Going green for the surf industry has been something of a journey, not unlike a surf trip in itself. The surf lifestyle has long been used as an influencer of our society, and surf brands have been a leader in sustainably produced products.

Patagonia suit

“Petroleum-free wetsuit? What took so long?” Actually, Patagonia just made a pretty amazing breakthrough for science and surfing. Photo: Courtesy of Patagonia

Picture a couple loading their hybrid pick up truck with gear. They’ve got a cooler made of recycled material loaded up with organic vegetables grown in their backyard. They don’t have any single use plastic water bottles or bags with them, but instead their surf trunks are made of recycled PET bottles.

Organic cotton clothes are stowed in bags made from recycled billboards. They use a minimum of fuel heading down the coast, only making purchases at locally-owned and sustainable businesses, and set up a no-footprint campsite. In the morning, they unload surfboards of plant-based resins from hemp boardbags and walk down to the break. Since the water is only in the high 50s, they start pulling on wetsuits – wetsuits made of toxic, petroleum-based neoprene.

Patagonia has announced the first wetsuit made with Forest Stewardship Council-certified natural rubber in North America, a full line of 21 suits that will be available in their fall 2016 offering.

“Surfers and wetsuit manufacturers, including Patagonia, have relied on neoprene for years, despite the fact that it’s a nonrenewable, petroleum-based material with an energy-intensive manufacturing process,” says Hub Hubbard, Patagonia’s wetsuit development manager. “Neoprene is nasty stuff, but for a long time we had no alternative. Through our partnership with Yulex we’ve invested in a plant-based game-changer and built it into our entire fullsuit line.”

While surfing accessories and apparel made early strides toward eco-friendly products, it has long remained an ironic sticking point that surfboards and wetsuits were still derived of petroleum-based material.

The main polymer of Yulex, a natural rubber, is produced in trees, not factories. In the end, it reduces the CO2 emissions in wetsuit manufacturing by up to 80 percent.

Since its inception in 1973, Patagonia has not only strived to make a quality and responsible product, but also to set an example.

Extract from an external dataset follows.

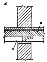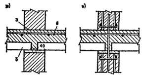 Рис. 8. Монолитные (а — в) и платформенно-монолитные (г — е) стыки сборных стен а, г — наружных трехслойных стен с гибкими связями; б, д — внутренних стен при двухстороннем опирании плит перекрытий; в, е ¾ то же, при одностороннем опирании Сборные плиты перекрытий при монолитных стыках рекомендуется соединять сварными или петлевыми арматурными связями, обеспечивающими неразрезность. Контактный стык (рис 9) рекомендуется применять при опирании плит перекрытия на консольные уширения стен или с помощью консольных выступов («пальцев») плит. При контактных стыках плиты перекрытий допускается опирать на стены без раствора (насухо). В этом случае для обеспечения звукоизоляции полость между торцами плит и стенами необходимо заполнять раствором и предусматривать арматурные связи, превращающие сборное перекрытие в горизонтальную диафрагму жесткости.

They got into the wetsuit game a decade ago producing limestone suits with less environmental impact, then released the first plant-based fibers in 2014.

Yulex diagram

The new Mens Yulex suits from Patagonia, inside and out still meet demands for durability and strength. Photo: Courtesy of Patagonia

Patagonia partnered with Yulex, which is being grown on a reclaimed farm in Guatemala, to develop the material. The process is actually helping the local ecology, rather than accelerating deforestation, hence the FCS certification.

The two companies will be sharing the technology with other industries, in an attempt to make all the products we use less dangerous to the environment, across the board. It promises that the Yulex suits have the same performance quality as traditional petroleum suits. There are currently 14 men’s, six women’s, and one youth suit in the fall line, ranging from short sleeve R1 fullsuits to hooded R4 winter suits.

“Yulex could not have found a better partner than Patagonia to champion this breakthrough for the surf industry. The collaboration between our companies has been an example of how sustainable products can be brought to customers without sacrificing performance and cost competitiveness,” commented Jeff Martin, founder and CEO of Yulex Corporation. “Patagonia has an exemplary business model which Yulex and others continue to embrace.”